J’ai cessé de compter le nombre de nouveaux orphelins que j’étais en train d’opérer. Après l’opération, ils étaient placés quelque part dans l’hôpital, sans que je sache qui s’occuperait d’eux ou comment ils survivraient. Une fois, une poignée d’enfants, tous âgés de 5 à 8 ans, ont été portés jusqu’à la salle d’urgence, par leurs parents. Tous avaient reçu une balle dans la tête. Ces familles étaient en train de rentrer chez elles à Khan Yunis, à environ 3,5 km de l’hôpital, après le retrait des chars israéliens. Mais les tireurs d’élite étaient apparemment restés sur place. Aucun de ces enfants n’a survécu.

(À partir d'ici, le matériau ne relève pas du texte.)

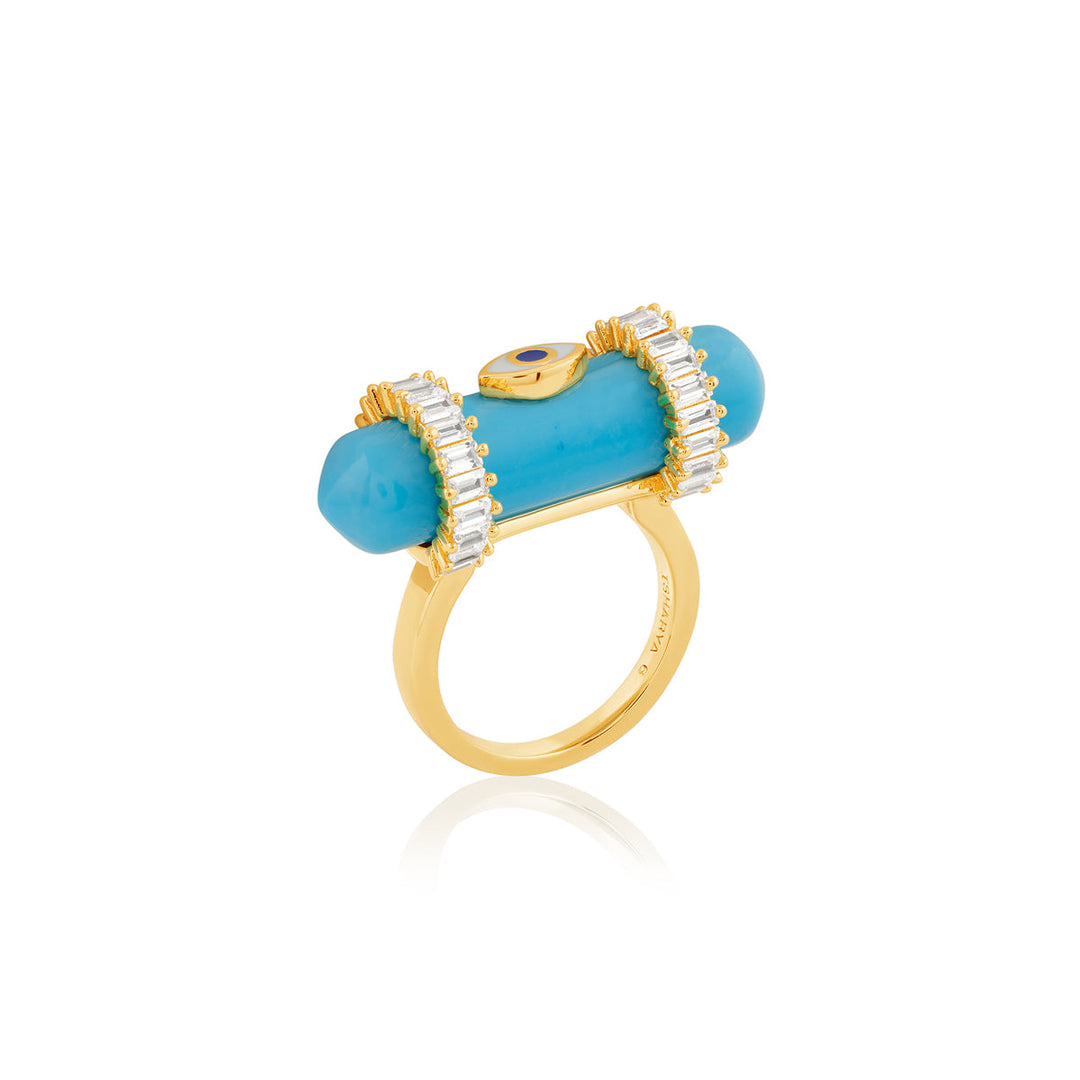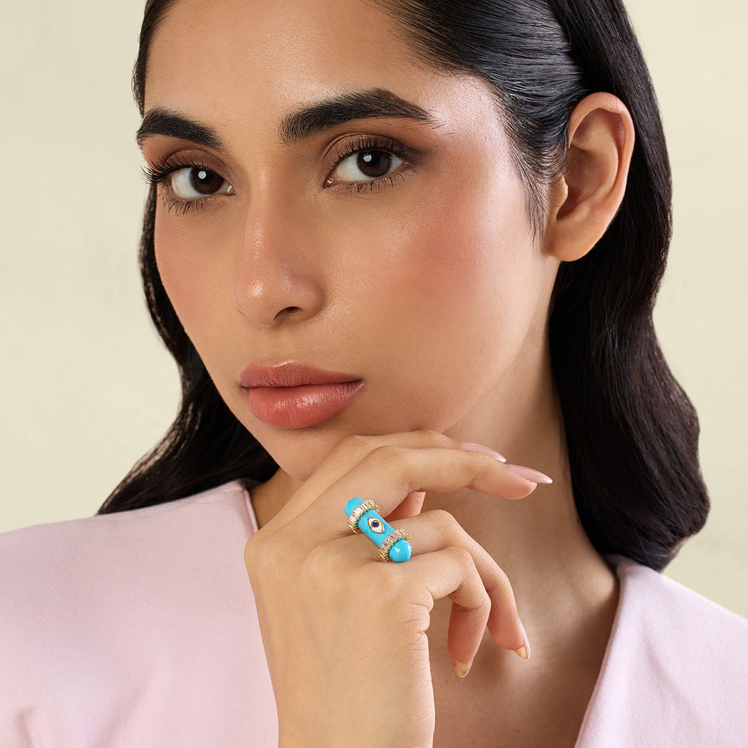 Channel calm and confidence with the Celestial Turquoise Amulet Ring. Featuring a healing turquoise stone, radiant white and blue enamel, and sparkling CZs, this 18k gold-plated beauty brings bold energy to your stack. Pair with breezy whites or festive fits for instant impact.
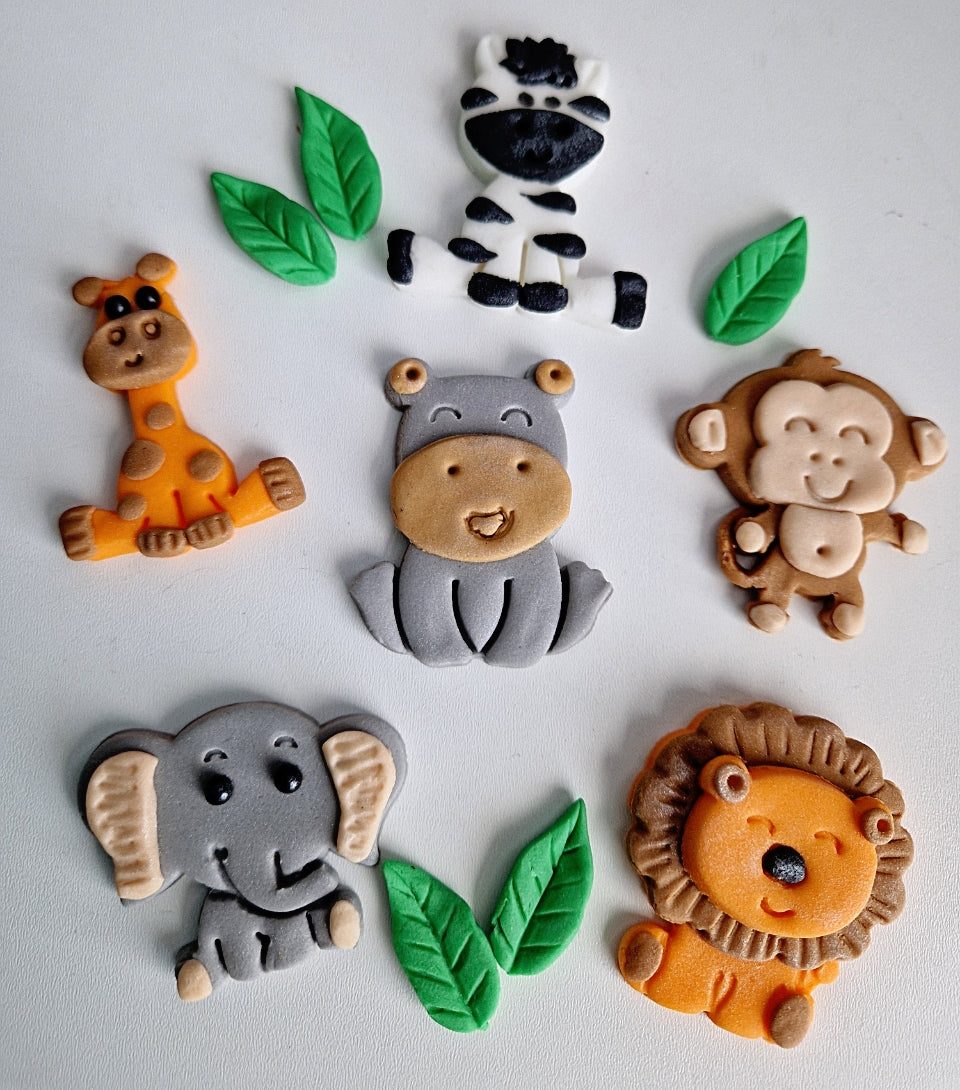 6 Edible zoo animals cake/ cupcake toppers,size is around 2",you'll get 7 leaves as well.

Le dernier jour, alors que je retournais à la maison d’hôtes où les habitants savaient que les étrangers séjournaient, un jeune garçon s’est précipité sur moi et m’a offert un petit cadeau. C’était un rocher de la plage, avec une inscription en arabe écrite au marqueur : « De Gaza, avec amour, malgré la douleur ». Alors que je me tenais sur le balcon et que je regardais Rafah pour la dernière fois, nous pouvions entendre les drones, les bombardements et les rafales de mitrailleuses, mais quelque chose était différent cette fois : le son était plus fort, les explosions plus proches. Cette semaine, les forces israéliennes ont attaqué un autre grand hôpital de Gaza et prévoient une offensive terrestre à Rafah. Je me sens profondément coupable d’avoir pu partir alors que des millions de personnes sont forcées d’endurer le cauchemar de Gaza. En tant qu’Américain, je pense à nos impôts qui ont financé les armes qui ont probablement blessé mes patients là-bas. Déjà chassés de chez eux, ces gens n’ont nulle part autre où aller.